Nimble Storage was introduced to me by Phil Sharratt, one of our lead engineers and someone who was as far as I knew a Netapp bigot. In a discussion that – uniquely in my experience of first meeting with vendors – started with how 10Gb ethernet connections would be managed under very specific circumstances, I managed to find out that some very well regarded vendors storage people had jumped onto Nimble, which had something special going in the way it had re-architected storage hardware.
This something special turned out to be a hybrid flash and disk architecture based on Cache Accelerated Sequential Layout (CASL™), which takes a different angle on optimising the exceptional performance of flash disk with the lower cost and higher capacities of SATA hard disks. Without being too technical about this, the magic is to leverage modern CPU and RAM in the storage processors coupled with flash cache to transform random writes into sequential writes, which allows accelerated performance. They do it in a way where the disk itself is not the bottleneck – this is normally unheard of in the storage world!
There are also some impressive smarts in the way that the flash is written to, leveraging the nature of flash, which is really quick but actually quite clumsy in some respects. By using the big fat cache and processors, Nimble only writes to the flash in stripes that match the blocksize on the flash, which garners more efficiencies and incidentally allows cheaper SSD hardware and a longer MTBF. And they couple all of this with compression to generate even further efficiencies.
Over subsequent meetings, it turns out there is a really nice blend of simple and clever going on in the Nimble mix. Simple is the lean product line, easy scaling via more disk, more nodes or a faster engine. Simple is a lean interface to provision, snapshot or replicate data. Clever is the architecture and new way of using flash disks to allow in-line compression as data writes to the array with no performance impact. Clever is also the way they proactively support the systems (they call this proactive wellness). Both simple and clever is bundling all of the management, snapshot and replication software into each and every box
Nexus has been sold to by the best sales guys and guys with the best products, but very rarely has there been excitement and buy-in to the extent that Nimble has managed to generate. The proof is in the testing where we’re in the process of putting it through the paces to see how the hype is matched by the performance. Everyone seems quietly confident that the results will be good.

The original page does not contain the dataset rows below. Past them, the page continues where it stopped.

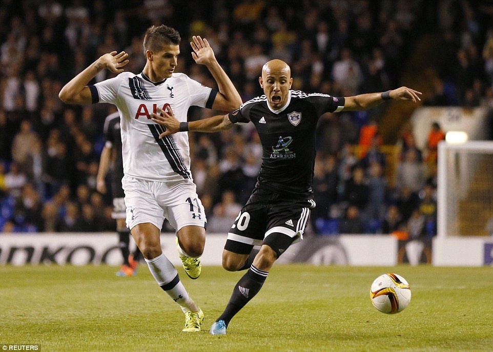 Phút 52, Tottenham có cơ hội gia tăng cách biệt, nhưng Lamela dứt điểm chân trái đưa bóng tìm đến cột khung thành Qarabag FK.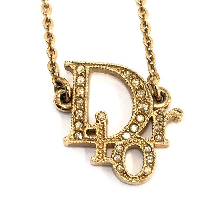 - Christian Dior クリスチャンディオール ロゴ ラインストーン ネックレス【DKAI5064】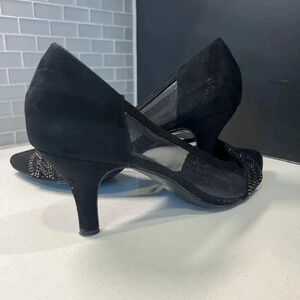 Worn Size 10 Karen Scott 3” heels Black w/bedazzeled accents lots of life left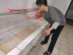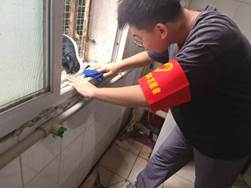 清理完宿舍院前的垃圾和落叶后,同学们进入宿舍内部,帮助清洁阿姨清洗洗漱间的水槽,窗框等积灰比较严重,长期没有清理的地方。几位男同学挽起袖子,用抹布和洗洁精仔细擦拭水池边沿的各种污渍。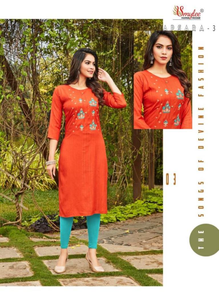 Smylee Apsara Vol 3 Heavy Rayon Designer Kurtis Catalog.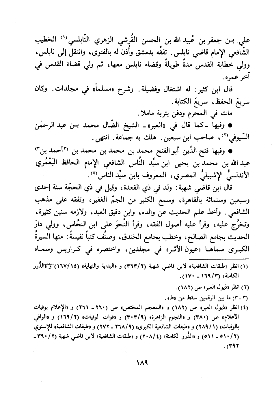 [4] انظر «ذيول العبر» ص (182) و «المعجم المختص» ص (260- 261) و «الإعلام بوفيات الأعلام» ص (380) و «النجوم الزاهرة» (9/ 303) و «فوات الوفيات» (2/ 169) و «الوافي بالوفيات» (1/ 289) و «طبقات الشافعية الكبرى» (9/ 268- 272) و «طبقات الشافعية» للإسنوي (2/ 510- 511) و «الدّرر الكامنة» (4/ 208) و «طبقات الشافعية» لابن قاضي شهبة (2/ 390- 392) .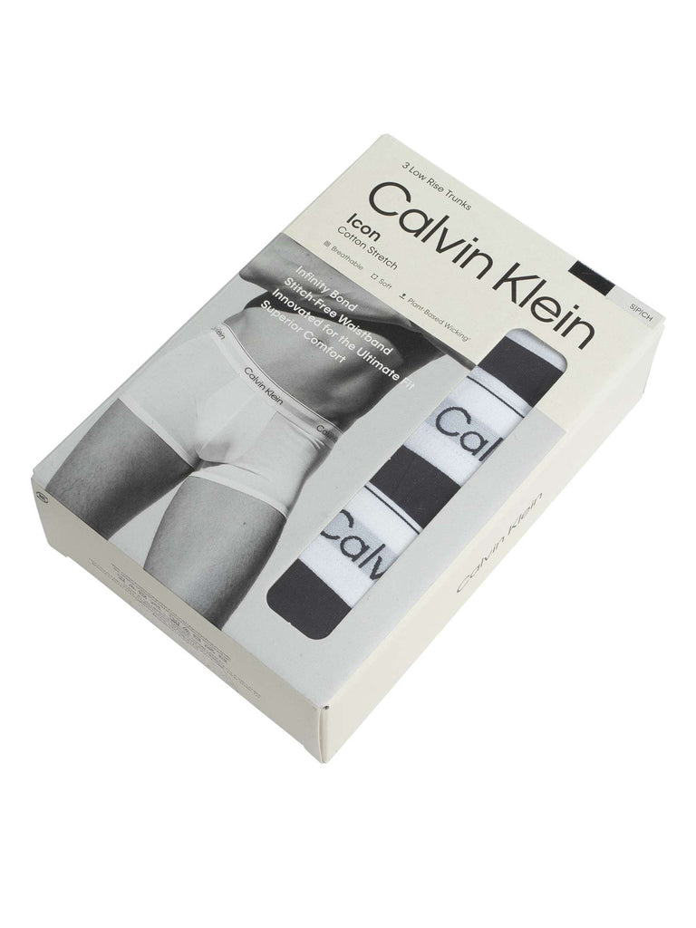 Stay cool, dry, and confident all day with the Calvin Klein ICON Cotton Stretch 3 Pack Icon Low Rise Trunks in classic black and white. Designed for a modern lifestyle, these trunks feature a stitch-free waistband for a smooth, irritation-free fit, ensuring maximum comfort no matter what your day holds.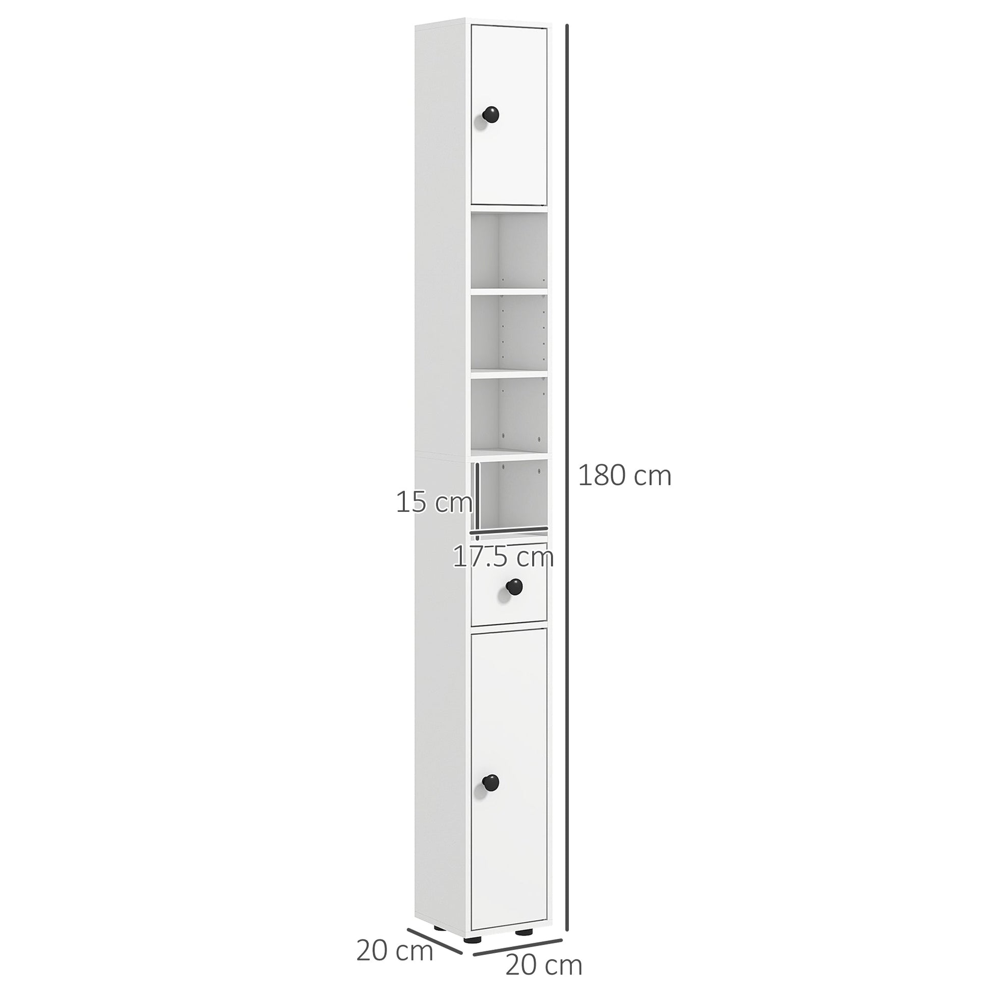 Small bathrooms are always in need of efficient storage. With this kleankin cabinet, you get exactly that. The 180 x 20 cm size makes it a tall, narrow piece; featuring a top and bottom cupboard, drawer and four open shelves, it provides plenty of storage for bathroom essentials. The particle board structure is solid, with a mealine coating for light protection against everyday wear. The clean white design gives it a modern, versatile look.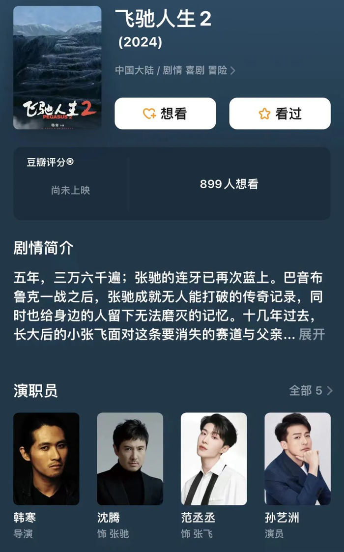 只不过天才作家韩寒并不甘于这样的结果,据报道,今年亭东影业影视立项中《飞驰人生2》赫然在列,依然是由韩寒亲自编剧。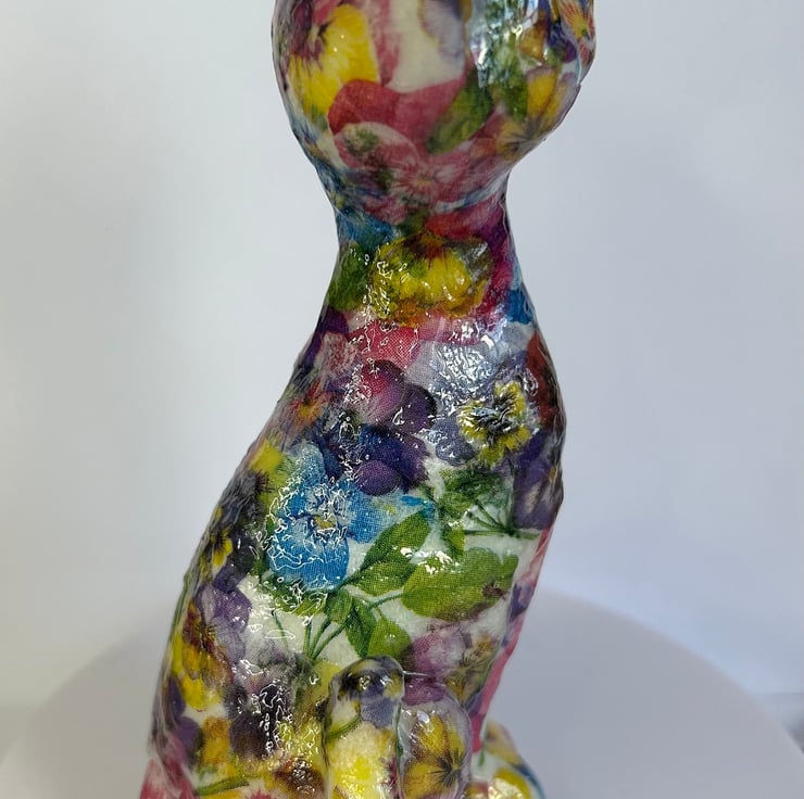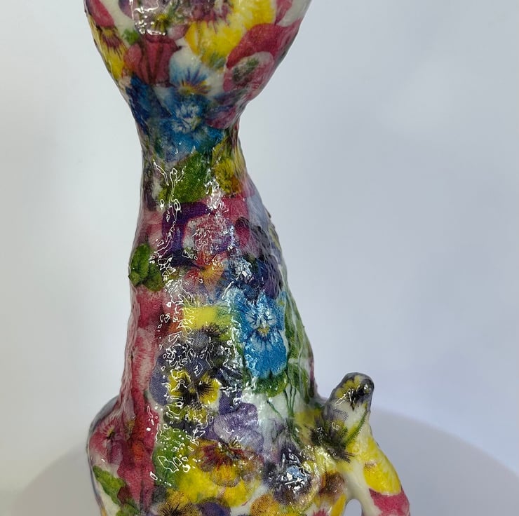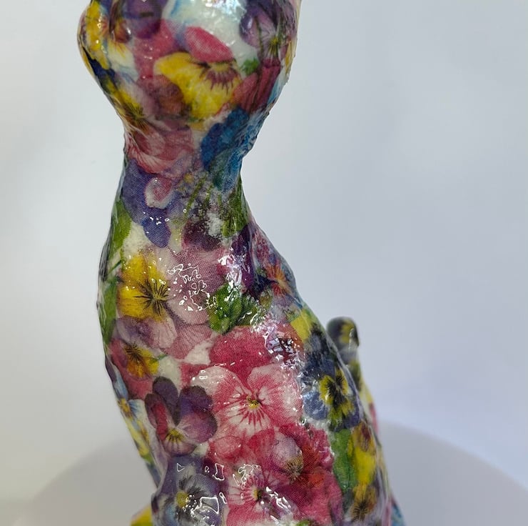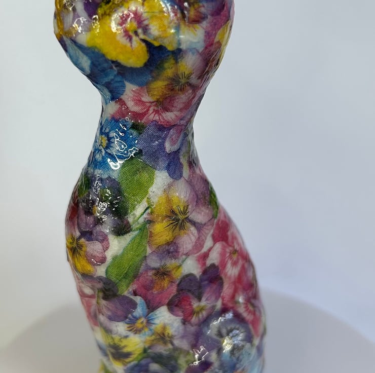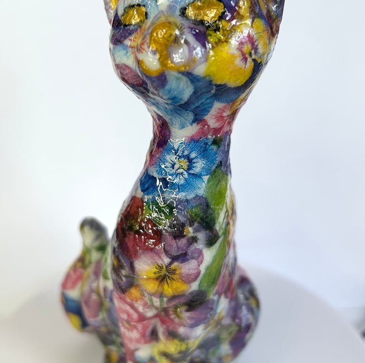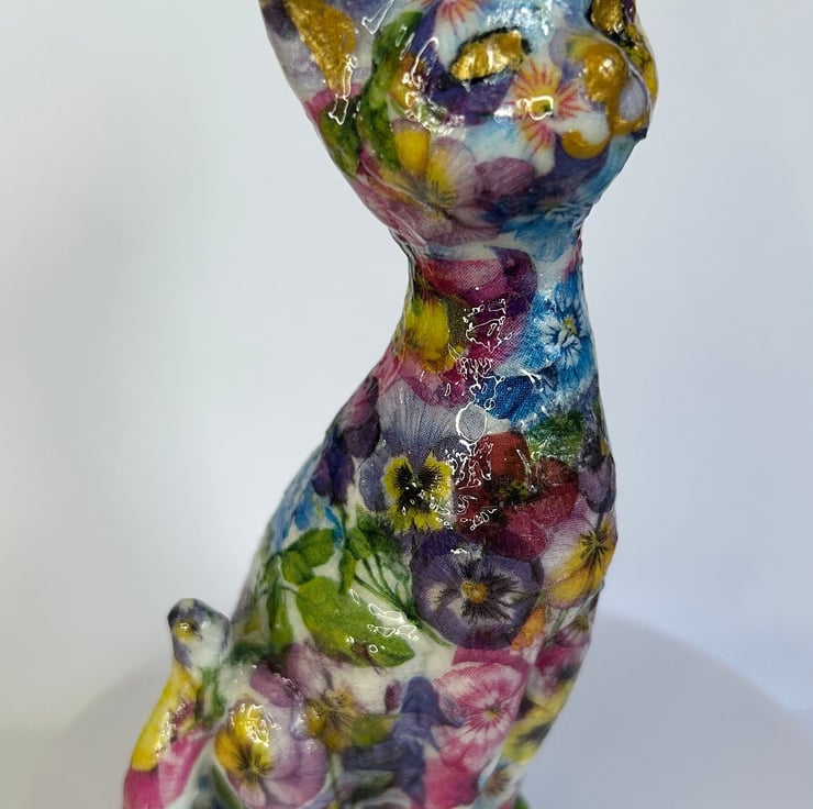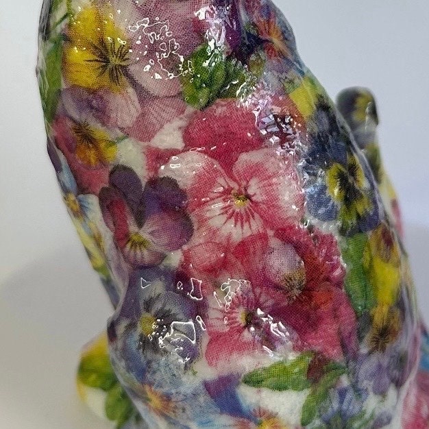 I really enjoy creating these decoupaged animals. Each flower is individually added to the item in layers to create the finished effect.

For a price point starting about $40,000, designed for Microsoft and VMware workloads and other mainstream products, with thin provisioning an especially interesting case, Nimble looks to me a very good fit with some compelling and possibly disruptive value propositions.
Adding Nimble to our portfolio which already includes EMC and Netapp, and a handful more, subject to the testing proving positive, is in line with our value that one size does not fit all. The other partners have a place. We look forward to the discussion to see where Nimble will fit into this space and to offering true choice to customers current and prospective.